Omit all pictures and transcribe only the lines in the entries below that run from the line with "活动式的毛巾置物架,可实现9" through the line with "2022年9月13日 のシステムトレードの仕掛候補一覧はこんな感じです。".

Data supplied »
========
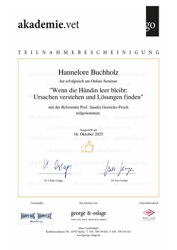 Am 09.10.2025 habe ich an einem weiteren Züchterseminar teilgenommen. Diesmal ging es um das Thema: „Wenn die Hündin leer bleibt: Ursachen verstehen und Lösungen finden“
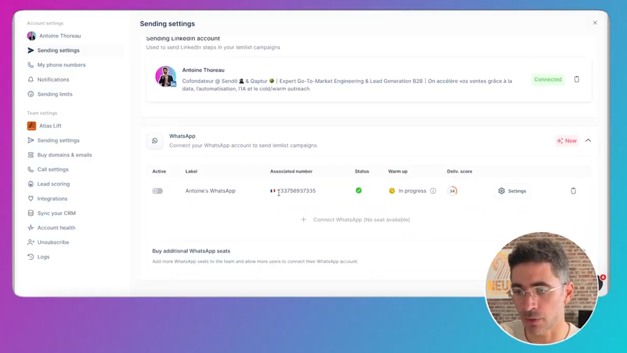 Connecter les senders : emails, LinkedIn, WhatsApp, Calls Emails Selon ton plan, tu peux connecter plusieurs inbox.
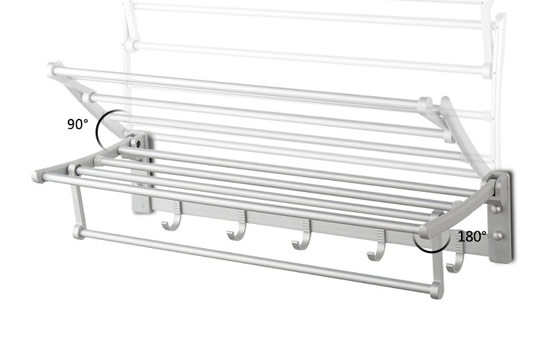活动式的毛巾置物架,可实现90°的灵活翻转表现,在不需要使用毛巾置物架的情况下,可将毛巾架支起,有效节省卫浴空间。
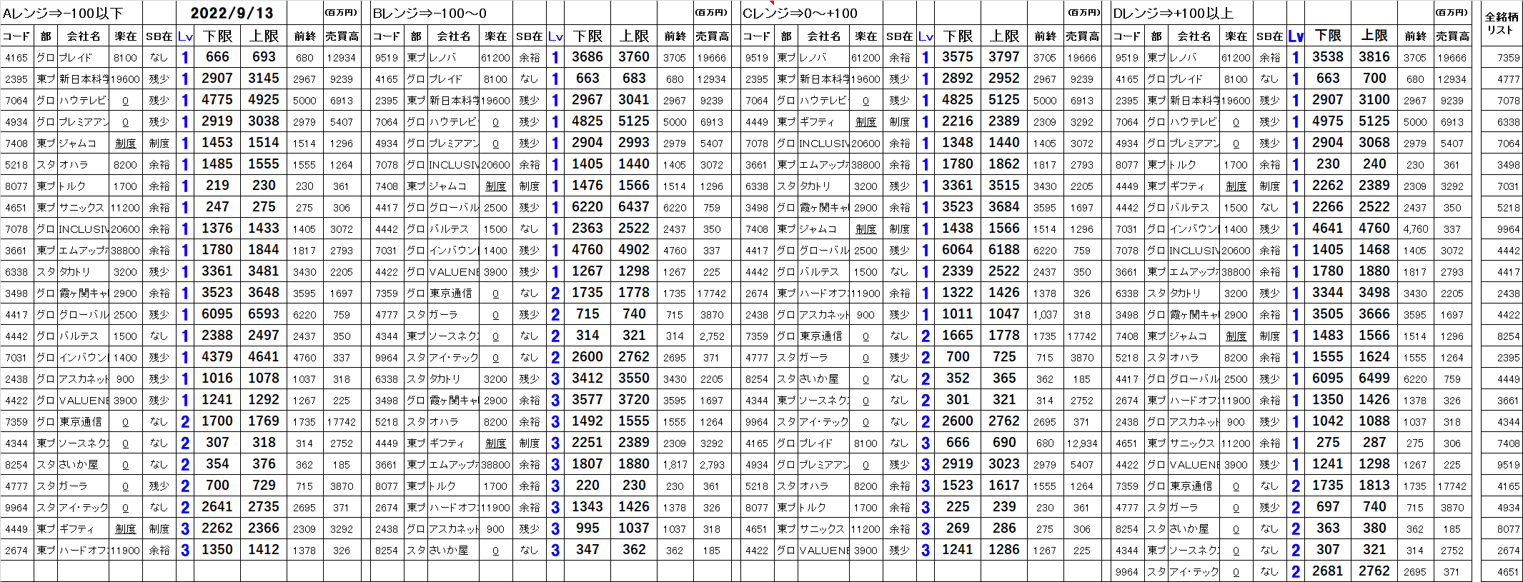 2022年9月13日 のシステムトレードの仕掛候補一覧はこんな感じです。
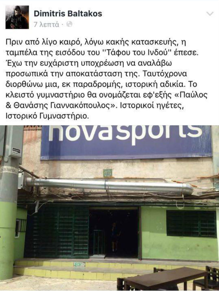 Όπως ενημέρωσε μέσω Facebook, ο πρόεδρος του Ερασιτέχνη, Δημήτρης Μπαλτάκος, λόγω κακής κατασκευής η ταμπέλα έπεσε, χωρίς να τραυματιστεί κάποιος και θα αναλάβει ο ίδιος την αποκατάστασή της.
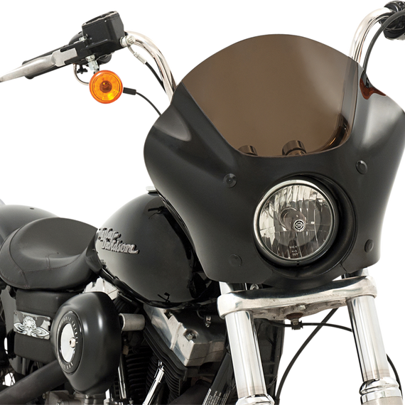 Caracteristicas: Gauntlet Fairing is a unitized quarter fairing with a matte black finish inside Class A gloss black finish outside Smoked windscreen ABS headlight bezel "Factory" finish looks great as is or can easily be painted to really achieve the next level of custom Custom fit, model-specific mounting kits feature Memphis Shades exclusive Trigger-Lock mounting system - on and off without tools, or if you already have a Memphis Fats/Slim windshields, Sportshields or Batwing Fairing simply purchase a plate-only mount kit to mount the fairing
========
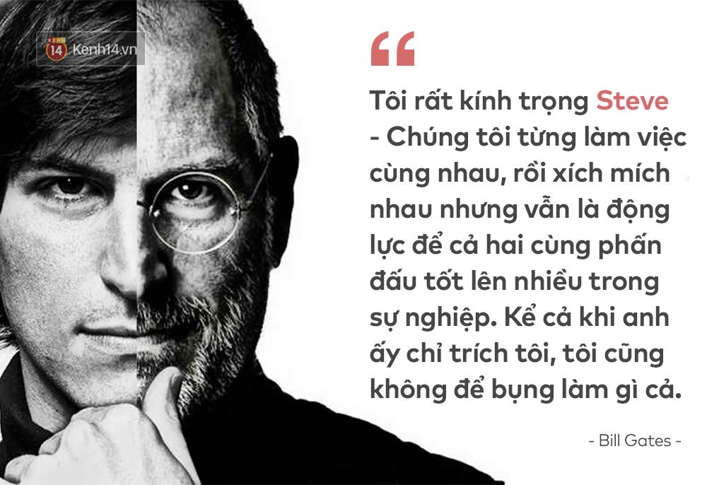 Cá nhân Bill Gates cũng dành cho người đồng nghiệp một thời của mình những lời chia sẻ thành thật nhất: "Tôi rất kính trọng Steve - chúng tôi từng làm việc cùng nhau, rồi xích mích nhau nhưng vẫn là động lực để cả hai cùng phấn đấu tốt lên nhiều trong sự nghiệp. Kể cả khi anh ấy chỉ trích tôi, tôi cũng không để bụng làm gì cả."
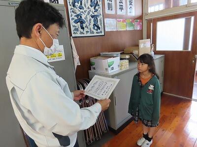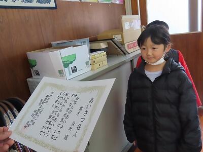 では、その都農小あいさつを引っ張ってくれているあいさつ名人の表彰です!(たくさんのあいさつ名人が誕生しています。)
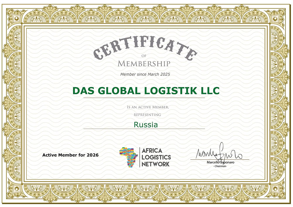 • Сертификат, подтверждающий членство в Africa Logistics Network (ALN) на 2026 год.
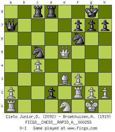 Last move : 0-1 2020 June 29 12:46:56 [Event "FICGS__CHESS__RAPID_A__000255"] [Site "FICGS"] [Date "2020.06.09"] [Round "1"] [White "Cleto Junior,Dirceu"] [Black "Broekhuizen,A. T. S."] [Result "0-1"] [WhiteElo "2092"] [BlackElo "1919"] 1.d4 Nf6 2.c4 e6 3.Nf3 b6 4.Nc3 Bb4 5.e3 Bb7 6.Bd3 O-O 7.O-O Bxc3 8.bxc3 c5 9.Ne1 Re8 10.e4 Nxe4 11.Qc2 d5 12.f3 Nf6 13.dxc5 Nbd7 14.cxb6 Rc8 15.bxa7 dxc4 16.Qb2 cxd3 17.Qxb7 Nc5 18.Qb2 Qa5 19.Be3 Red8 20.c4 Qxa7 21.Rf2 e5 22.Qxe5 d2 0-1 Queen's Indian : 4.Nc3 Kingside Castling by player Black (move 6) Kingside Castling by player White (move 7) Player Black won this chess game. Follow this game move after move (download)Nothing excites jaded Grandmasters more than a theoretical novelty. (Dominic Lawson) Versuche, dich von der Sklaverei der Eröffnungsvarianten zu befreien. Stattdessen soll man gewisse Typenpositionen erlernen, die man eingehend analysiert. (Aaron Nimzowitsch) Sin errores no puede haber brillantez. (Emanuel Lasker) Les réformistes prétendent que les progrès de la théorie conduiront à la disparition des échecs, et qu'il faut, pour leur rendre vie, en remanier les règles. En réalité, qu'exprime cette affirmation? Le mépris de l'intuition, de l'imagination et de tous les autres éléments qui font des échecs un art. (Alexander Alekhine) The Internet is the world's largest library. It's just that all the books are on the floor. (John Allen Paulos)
========
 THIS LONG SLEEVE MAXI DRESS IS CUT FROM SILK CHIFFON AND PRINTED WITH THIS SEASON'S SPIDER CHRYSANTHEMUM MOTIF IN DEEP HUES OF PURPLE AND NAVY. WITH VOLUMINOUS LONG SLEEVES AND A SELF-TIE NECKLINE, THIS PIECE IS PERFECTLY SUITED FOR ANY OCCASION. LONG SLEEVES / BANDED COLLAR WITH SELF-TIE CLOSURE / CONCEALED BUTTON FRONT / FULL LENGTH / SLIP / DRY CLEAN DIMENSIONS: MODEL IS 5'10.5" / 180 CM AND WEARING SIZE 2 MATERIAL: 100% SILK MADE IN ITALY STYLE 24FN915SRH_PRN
========
Answer area »
活动式的毛巾置物架,可实现90°的灵活翻转表现,在不需要使用毛巾置物架的情况下,可将毛巾架支起,有效节省卫浴空间。
 2022年9月13日 のシステムトレードの仕掛候補一覧はこんな感じです。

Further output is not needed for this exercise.